The sign of the coefficient a determines the concavity of the parabola.

a > 0
If a > 0, the parabola opens upwards.
a < 0
If a < 0, the parabola opens downwards.

the concavity opening upwards and downwards

The absolute value of the coefficient |a| determines the width of the parabola.

The greater the absolute value |a|, the narrower the parabola opens.

the parabola opening upwards

The same applies if the coefficient a is negative:

the negative coefficient a

Note: The coefficient a of the parabola's equation must be non-zero because if it were zero, the function would graph as a constant function.

Observations

Some personal observations and notes on parabolas:

The parabola is a conic section
The parabola is one of the conic sections, along with the hyperbola, ellipse, and circle. For a parabola, the cone is cut by a plane parallel to the generating line of the cone, intersecting only one nappe. Thus, the parabola appears as an open and unbounded curve.
The axis of the parabola is also the axis of symmetry
This means that for every point on the parabola, there is another point on it that is symmetric to the first with respect to this axis.
Parabola width and the absolute value of the coefficient "a"
The width of the parabola is determined by the absolute value of the coefficient "a" in the equation y = ax² + bx + c.
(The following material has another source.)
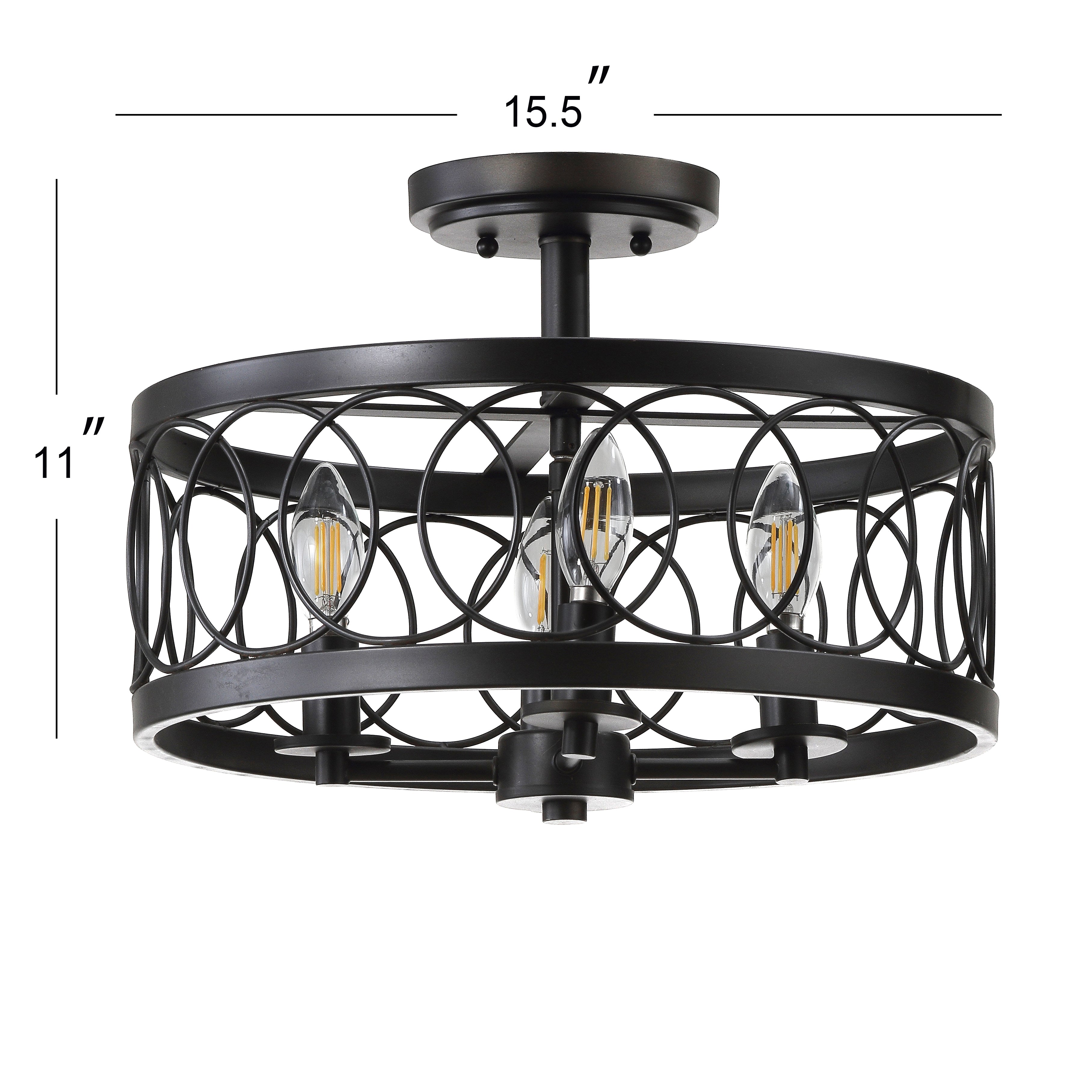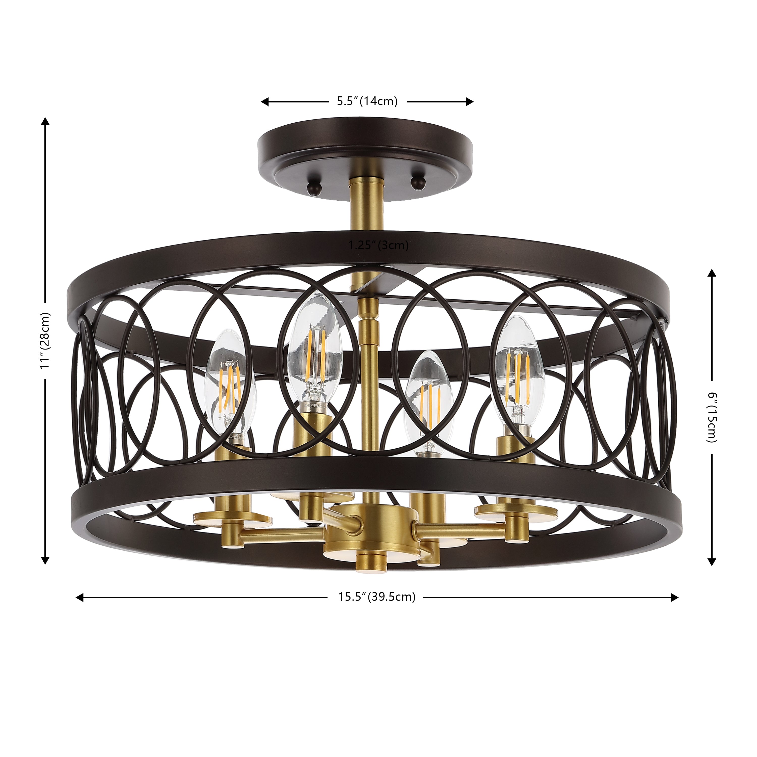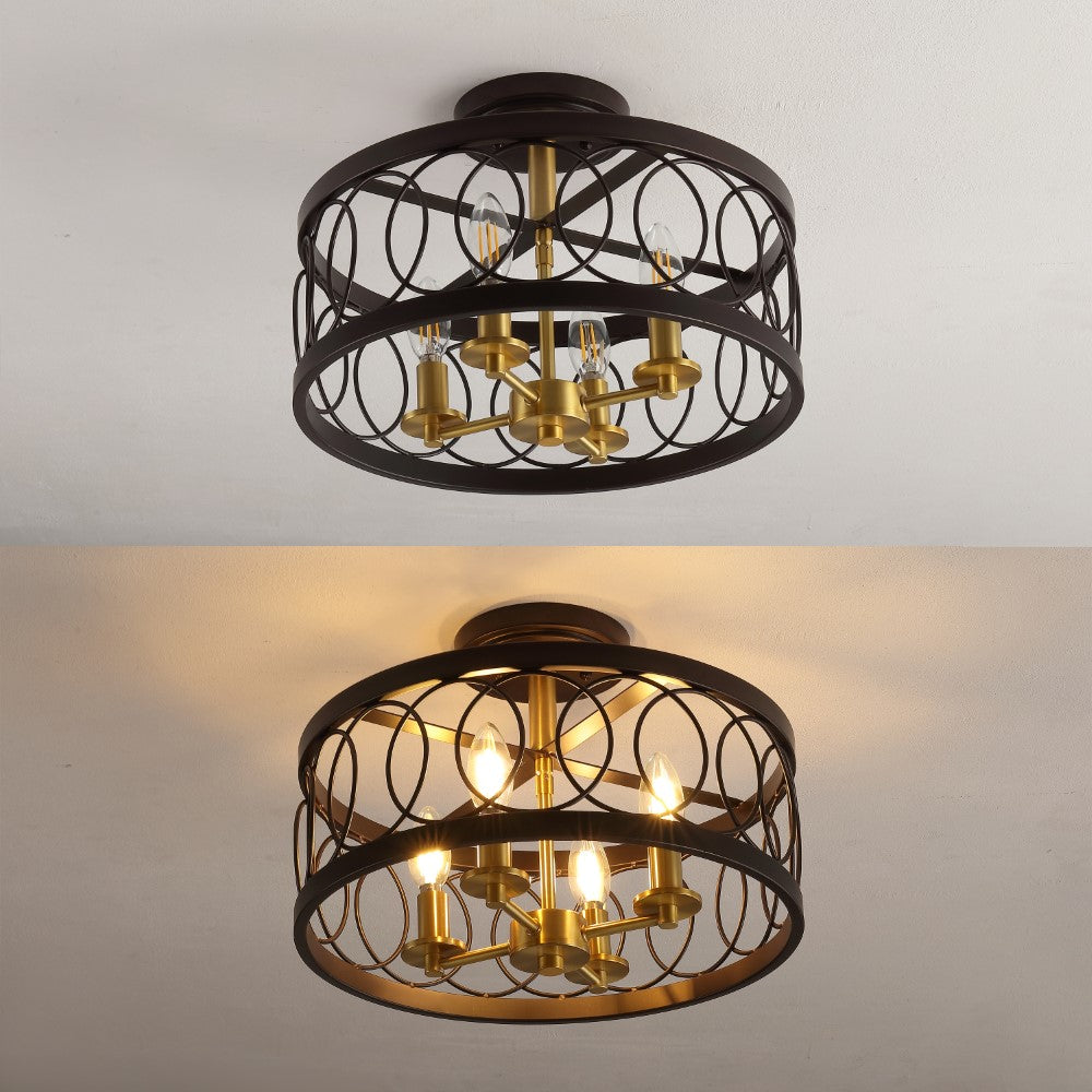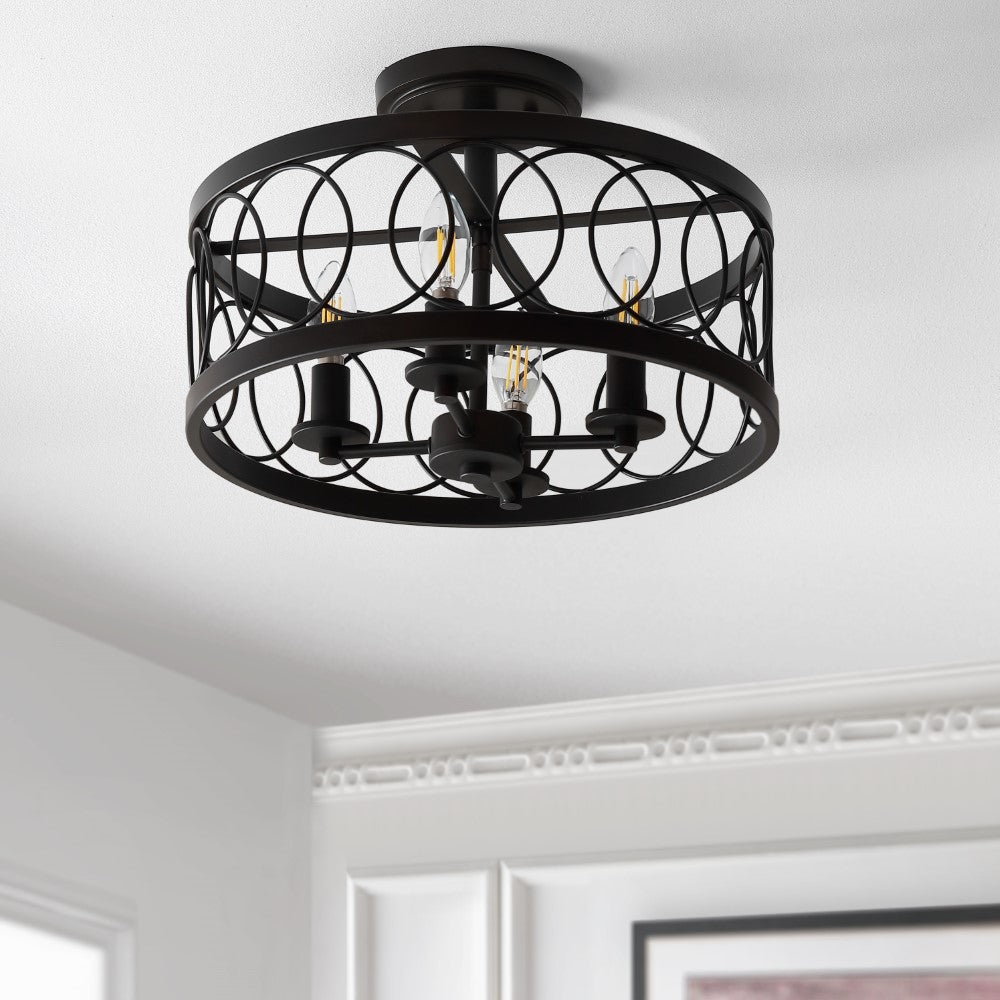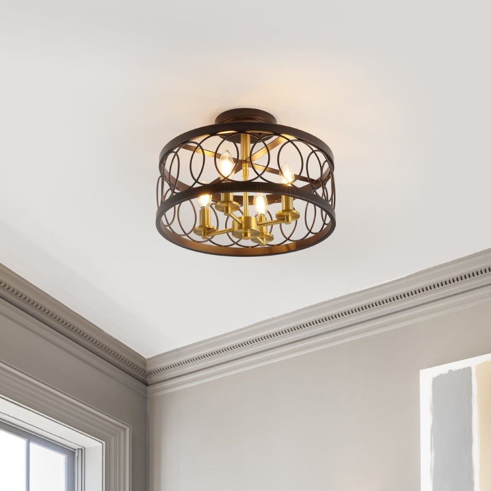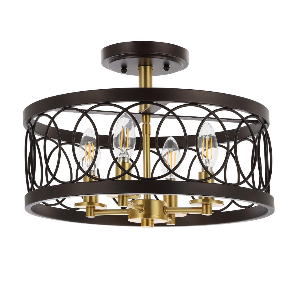 Overlapping circles create a beautiful cursive fretwork metal shade on this 4-light semi-flush mount fixture. More opulent than an exposed bulb, the metalwork on this style was designed by artisans that have been producing similar pendants for decades -- we had them update the scale to a statement making 15.5" diameter, and voila! A piece that would look elegant in a bedroom, gracious in a bathroom, or welcoming in an entry.

When |a| is large, the parabola becomes narrower. Conversely, when |a| is small, the parabola becomes wider.
Concavity direction and the sign of the coefficient "a"
The sign of the coefficient "a" in the equation y = ax² + bx + c determines the direction in which the parabola opens. If a > 0, the parabola opens upwards and is concave upwards. If a < 0, the parabola opens downwards and is concave downwards.

Note: A curve is defined as concave if the segment connecting two points on the curve lies completely below the curve.
Optical Property of the Parabola
In a parabola, if you draw the tangent line (t) at a point P on the curve, the perpendicular line (n) to the tangent splits the angle formed by the focal ray $ PF $ and the ray $ PQ $ (which is parallel to the focal axis) into two equal angles, $ \alpha \cong \beta $.

This indicates that in a parabolic mirror, any ray parallel to the focal axis is reflected directly towards the focal point (F). As a result, all rays parallel to the focal axis converge at a single point. This principle is the basis for satellite dish antennas and concentrated solar power panels.

Conversely, if the focal point (F) is a light source, all the rays reflected by the parabolic mirror will run parallel to the focal axis.

And so on.